Saturday, January 14, 2012

Israeli Mossad posed as American CIA in recruiting Iranian dissidents who executed terror attacks

The leader of Jundallah, Abdolmalek Rigi, was arrested in February 2010 by Iranian commandos after the plane on which he was traveling from Karachi to Kyrgyzstan had been forces to land in the Caspian region of Iran.    

Mark Perry of Foreign Policy reports that Israeli Mossad agents posing as CIA operatives recruited Iranian Sunni dissidents affiliated with the organisation Jundallah in Iranian Baluchistan to engage in acts of terror inside Iran.
The Mossad officers recruited operatives belonging to Jundallah by passing themselves off as American agents. According to two U.S. intelligence officials, the Israelis, flush with American dollars and toting U.S. passports, posed as CIA officers in recruiting Jundallah operatives — what is commonly referred to as a “false flag” operation.
 It is a new amazing revelation concerning theft of identity, but not the first of its kind as far as the Mossad is concerned.In an operation that was widely publicized  a squad of Mossad operatives killed Mahmoud al-Mabhouh, an official of the Hamas movement in charge of buying weapons in a hotel in Dubai in January 2010. It turned out that the Mossad agents used false pasports belonging to citizens from the UK, Ireland, Germany, France and Austria.
Perry's revelation is based on conversations with several former and active CIA operatives. The recruiting of the Jundallah members by the Mossad occurred in 2007 and 2008. It is not known if Israel is still using contacts with Jundallah. One of them said: "It's amazing what the Israelis thought they could get away with. Their recruitment activities were nearly in the open. They apparently didn't give a damn what we thought."

The fact that the Israelis were posing as CIA-agents led to several Iranian accusations vis à vis the USA and the CIA that it was backing terrorist operations by Jundallah. Jundallah carried out a string of high-profile attacks in Sistan-Baluchistan in 2008-2009, including a suicide bombing near the Pakistani border that killed 42 people, including six senior Revolutionary Guards commanders, and a bombing in a Shia mosque in Zahedan that killed 25 people.
The leader of Jundallah, Abdolmalek Rigi, was captured by the Iranians in february 2010 after Iran had been tipped by Pakistan that he was on a flight from Karachi to Kyrgyzstan. The plane was forced to land in Iran and Rigi was taken. He was hanged in June 2010. One month earlier his younger brother Abdolhamid, who had been extradited to Iran by Pakistan, was also hanged. The younger Rigi told his interrogators that his brother had had several meetings in Islamabad and Karachi and even in Europe with American agents.

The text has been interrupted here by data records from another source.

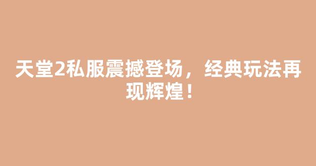 天堂2私服震撼登场,经典玩法再现辉煌!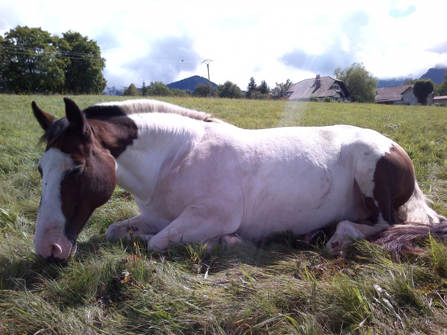 Et à un moment, j'étais en train de travailler à droite, sur la sacro illiaque je crois, je remarque qu'il transpire toujours, malgré le calme et la fraicheur qui tombe, et même pire que ça, il transpire de plus en plus, il avait une bande de sueur à mi cuisse du côté droit. J'étais hyper étonnée, je me suis dit qu'il fallait que je vienne vous demander :p ça vous est déjà arrivé un cheval qui transpire pendant un massage? Je précise qu'il était calme, mais relâchait de toutes évidences beaucoup de tensions.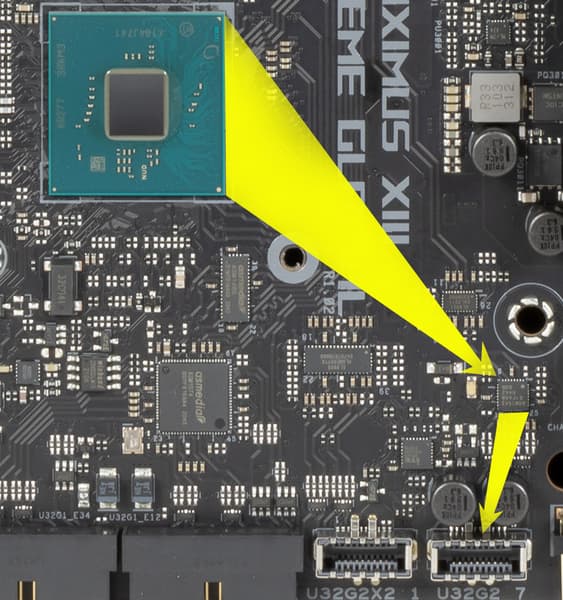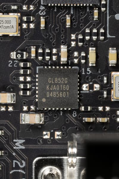 - 1 порт USB 3.2 Gen2x2: реализован с помощью Z590 (на это ушел 1 USB 3.2 Gen2) и двух «помощников»: хаба ITE IT8851 (который образует USB 3.2 Gen1) и усилителя Genesys Logic GL9905 (который преобразует сие в USB 3.2 Gen2) и представлен внутренним портом Type-C (для подключения к соответствующему разъему на передней панели корпуса);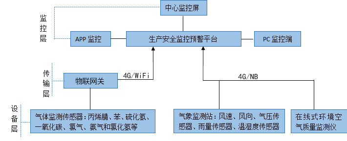 工業(yè)化工園區(qū)生產(chǎn)安全監(jiān)控系統(tǒng)采用分層拓撲結(jié)構,分為設備采集層、傳輸層、監(jiān)控層等。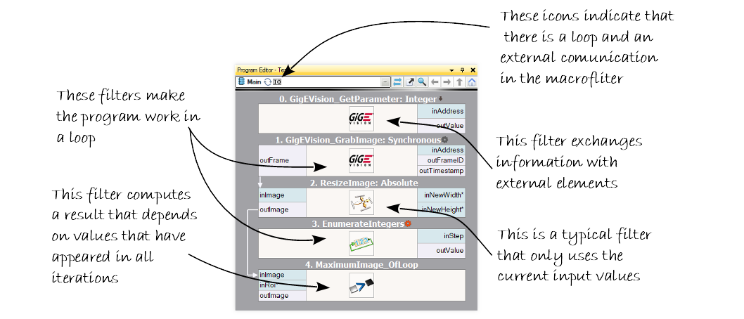 A filter which inserted to a program makes it work in a loop and, like an I/O Function, exchanges information with external elements. Typical examples: WebCamera_GrabImage, GigEVision_GrabImage.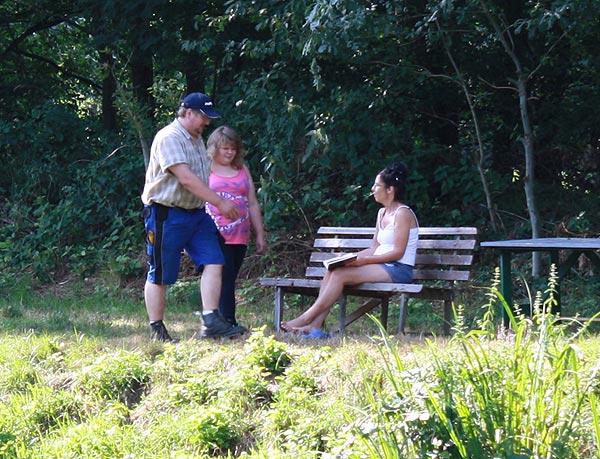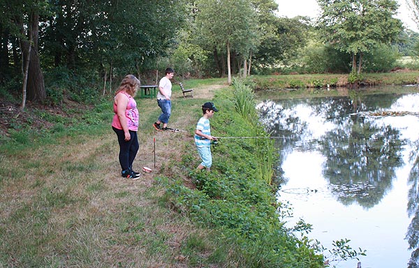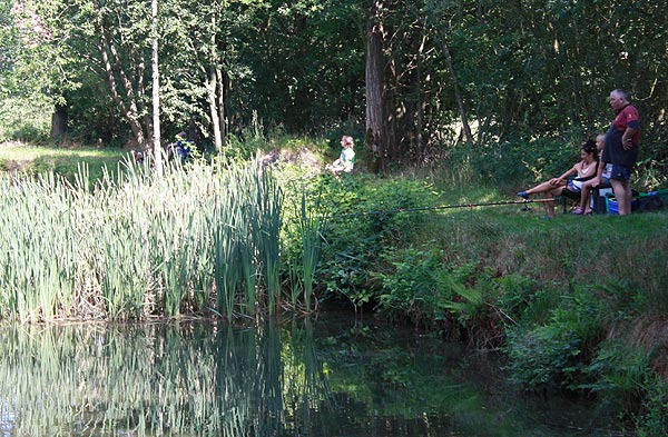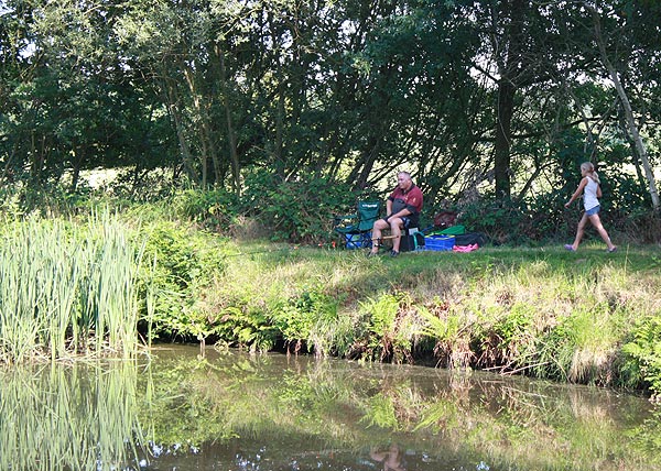 Pia angelt mit Oma und Opa an der Seite nahe an den Rohrkolben ..
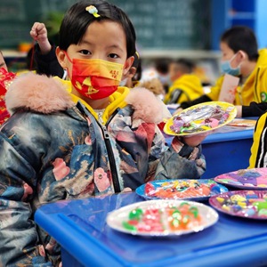 3月1日,在青海省西宁市城西区行知小学,孩子们展示自己的寒假作业。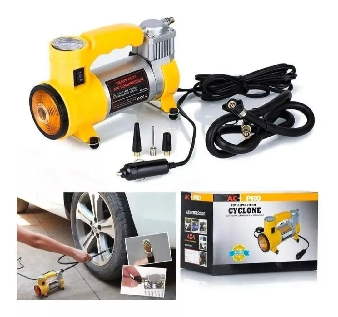 El Compresor Inflador De Aire Llanta Carro Vehículo Automático en color Amarillo es la herramienta perfecta para mantener tus neumáticos siempre en óptimas condiciones. Con un caudal de aire de 35 l/min y una presión máxima de 150 psi, podrás inflar tus llantas de forma rápida y eficiente. Su marca AC-PRO garantiza calidad y durabilidad en cada uso. Además, su diseño mini y portátil te permite llevarlo a cualquier lugar sin complicaciones. Incluso cuenta con una linterna incorporada para brindarte mayor visibilidad en situaciones de poca luz. No pierdas la oportunidad de adquirir este modelo Cyclone air150, alimentado por electricidad, y asegúrate de tener siempre un compresor confiable a tu disposición.GARANTIA1 mes por funcionamiento10 días por producto roto10 días por orden incompleta10 días si el producto que llega es diferente al solicitado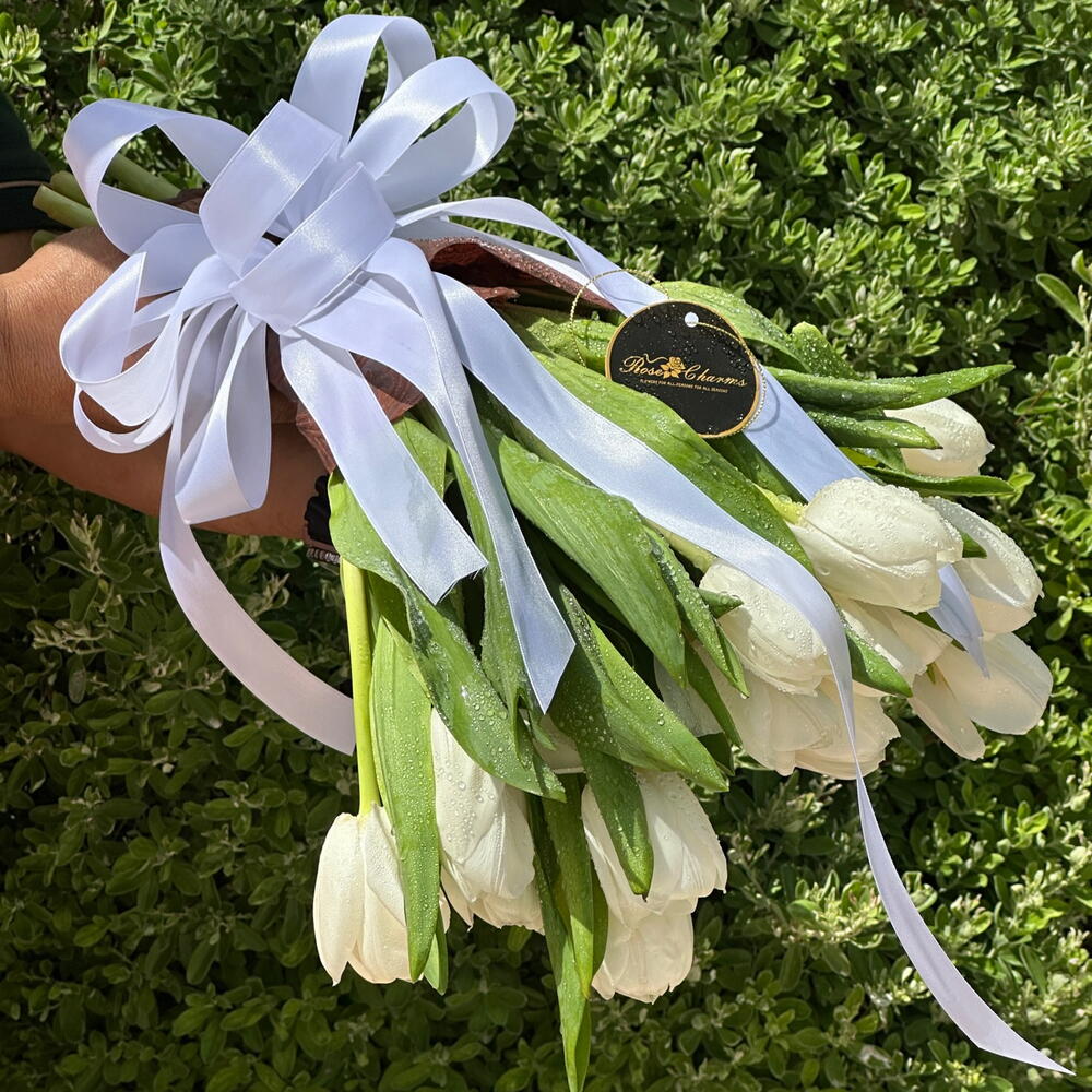 A bouquet of 21 white tulips exudes elegance and simplicity, symbolizing purity, peace, and new beginnings. These fresh, pristine blooms arranged together create a stunning visual display, perfect for conveying heartfelt emotions and adding a touch of sophistication to any occasion.

Perry writes in Foreign Policy that the Iranian accusations led to a number of memos in which CIA involvement was denied and the blame was put on the Mossad. Perry's sources reveal that president Bush, the then American president, was enraged about the reports. "The report sparked White House concerns that Israel's program was putting Americans at risk," one  intelligence officer told Perry. "There's no question that the U.S. has cooperated with Israel in intelligence-gathering operations against the Iranians, but this was different. No matter what anyone thinks, we're not in the business of assassinating Iranian officials or killing Iranian civilians." However, in the end nothing was done, although Perry's source tells him that there were clearly two camps in the administration as to what to do about it. Probably it is not too far fethched to assume that the conservative pro-Israeli camp within Bush's troops (Perle, Wolfowitz, Feith and others) was simply too strong...
 According to Perry Israel's relationship with Jundallah continued to roil the Bush administration until the day it left office, this same intelligence officer noted. Israel's activities jeopardized the administration's fragile relationship with Pakistan, which was coming under intense pressure from Iran to crack down on Jundallah. It also undermined U.S. claims that it would never fight terror with terror, and invited attacks in kind on U.S. personnel.
 The debate over Jundallah was resolved only after Bush left office when, within his first weeks as president, Barack Obama drastically scaled back joint U.S.-Israel intelligence programs targeting Iran, according to multiple serving and retired officers.